The location where the artifact files are stored.

This can be a URL pointing to NDS, Hugging Face, S3, or any other accessible resource location.

id: str | None = None

The ID of the entity.

With the exception of namespaces, this is always a semantically-prefixed base58-encoded uuid4 [<prefix>-base58(uuid4())].

created_at: datetime | None = None: Timestamp for when the entity was created.

custom_fields: Dict[str, str] | None = None: A set of custom fields that the user can define and use for various purposes.

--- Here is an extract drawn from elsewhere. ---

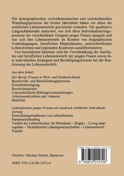 6. Nichteheliche Lebensgemeinschaft . . . . . . . . . . . . . . . . . . . . . . . . . . . . . . . . . . . . . . . . . . . . . . . . . . . 152 6. 1 Nichteheliche Lebensgemeinschaft in Bayern - kein Grund zum Heiraten . . . . . . . . . . . . . . . . . . . . . . . . . . . . . . . . . . . . . . . . . . . . . . . . . . . . . . . . . . . . . . . . . . . . . . . . . . . . . . . . . . . . . . . . . . . . 152 6. 2 Frei und doch gebunden - Nichteheliche Lebensgemeinschaft in Sachsen. . . . . . . . . . . . . . . . . . . . . . . . . . . . . . . . . . . . . . . . . . . . . . . . . . . . . . . . . . . . . . . . . . . . . . . . . . . . . . . . . . . . . . . . 159 6. 3 Zusammenfassung . . . . . . . . . . . . . . . . . . . . . . . . . . . . . . . . . . . . . . . . . . . . . . . . . . . . . . . . . . . . . . . . . . . . . . . . . . . . 165 7. Verheiratete Frauen . . . . . . . . . . . . . . . . . . . . . . . . . . . . . . . . . . . . . . . . . . . . . . . . . . . . . . . . . . . . . . . . . . . . .. . . . 166 7. 1 Verheiratete Frauen in Bayern - Lebensentwurf Familie. . . . . . . . . . . . . . . . 167 7. 2 Ein "geordnetes Leben" - verheiratete Frauen in Sachsen . . . . . . . . . . . . . . 175 7. 3 Zusammenfassung. . . . . . . . . . . . . . . . . . . . . . . . . . . . . . . . . . . . . . . . . . . . . . . . . . . . . . . . . . . . . . . . . . . . . . . . . . . . 181 8. Die Lebensentwürfe der jungen Frauen in Sachsen unter dem Eindruck des politischen und ökonomischen Umbruchs . . . . . . . . . . 182 9. Junge Frauen und ihre Partner: Partnerschaftsalltag und Aushandlungsprozesse in Bayern und Sachsen. . . . . . . . . . . . . . . . . . . . . . . . . . . . . . . . 188 9. 1 Partnerbeziehungen in Bayern . . . . . . . . . . . . . . . . . . . . . . . . . . . . . . . . . . . . . . . . . . . . . . . . . . . . . . . . . 189 9. 2 Partnerbeziehungen in Sachsen. . . . . . . . . . . . . . . . . . . . . . . . . . . . . . . . . . . . . . . . . . . . . . . . . . . . . . . . 198 9. 3 Zusammenfassung und Vergleich Bayern und Sachsen . . . . . . . . . . . . . . . . . . . 203 10. Die Vielfalt der Lebensformen - Zusammenfassung . . . . . . . . . . . . . . . . . . . . . . . . 204 D. Zusammenfassung der Ergebnisse und Schlußfolgerungen. . . . . . . 211 E. Anhang. . . . . . . . . . . . . . . . . . . . . . . . . . . . . . . . . . . . . . . . . . . . . . . . . . . . . . . . . . . . . . . . . . . . . . . . . . . . . . . . . . . . . . . . . . . . 221 Zu Teil A. 3: Regionenbeschreibung . . . . . . . . . . . . . . . . . . . . . . . . . . . . . . . . . . . . . . . . . . . . . . . . . 223 Zu Teil A. 4: Zeittafel DDR . . . . . . . . . . . . . . . . . . . . . . . . . . . . . . . . . . . . . . . . . . . . . . . . . . . . . . . . . . . . . . . . 243 Zu Teil B. : Tabellen zum Beruf . . . . . . . . . . . . . . . . . . . . . . . . . . . . . . . . . . . . . . . . . . . . . . . . . . . . . . . 249 Zu Teil c. : Tabellen zu den Lebensformen . . . . . . . . . . . . . . . . . . . . . . . . . . . . . . . . . . . . . . . 267 F. Literatur . . . . . . . . . . . . . . . . . . . . . . . . . . . . . . . . . . . . . . . . . . . . . . . . . . . . . . . . . . . . . . . . . . . . . . . . . . . . . . . . . . . . . . . . . 277 7 Einführung Mit dem vorliegenden Band legen wir Ergebnisse der ersten und zweiten Er hebungswelle unserer Längsschnittuntersuchung "Entwicklungsprozesse fa milialer und beruflicher Lebenszusammenhänge junger Frauen" vor. Das Projekt wird am Deutschen Jugendinstitut durchgeführt und vom Bundesmi nisterium für Familie, Senioren, Frauen und Jugend noch für einen Untersu chungszeitraum bis 1998 gefördert. Die zentrale Fragestellung des Projekts befaßt sich damit, wie junge Frauen ihr Leben im Rahmen gesellschaftlicher Individualisierungsprozesse und in Auseinandersetzung mit individuellen Handlungsspielräumen sowie regiona len Gelegenheitsstrukturen entwerfen und gestalten.

format: str | None = None: Specifies the dataset format, referring to the schema of the dataset rather than the file format. Examples include SQuAD, BEIR, etc.

hf_endpoint: str | None = None

For HuggingFace URLs, the endpoint that should be used.

By default, this is set to the Data Store URL. For HuggingFace Hub, this should be set to “https://huggingface.co”.

limit: int | None = None: The maximum number of items to be used from the dataset.

name: str | None = None

The name of the entity.

Must be unique inside the namespace. If not specified, it will be the same as the automatically generated id.

namespace: str | None = None

The namespace of the entity.

This can be missing for namespace entities or in deployments that don’t use namespaces.

project: str | None = None: The URN of the project associated with this entity.

split: str | None = None: The split of the dataset. Examples include train, validation, test, etc.

updated_at: datetime | None = None: Timestamp for when the entity was last updated.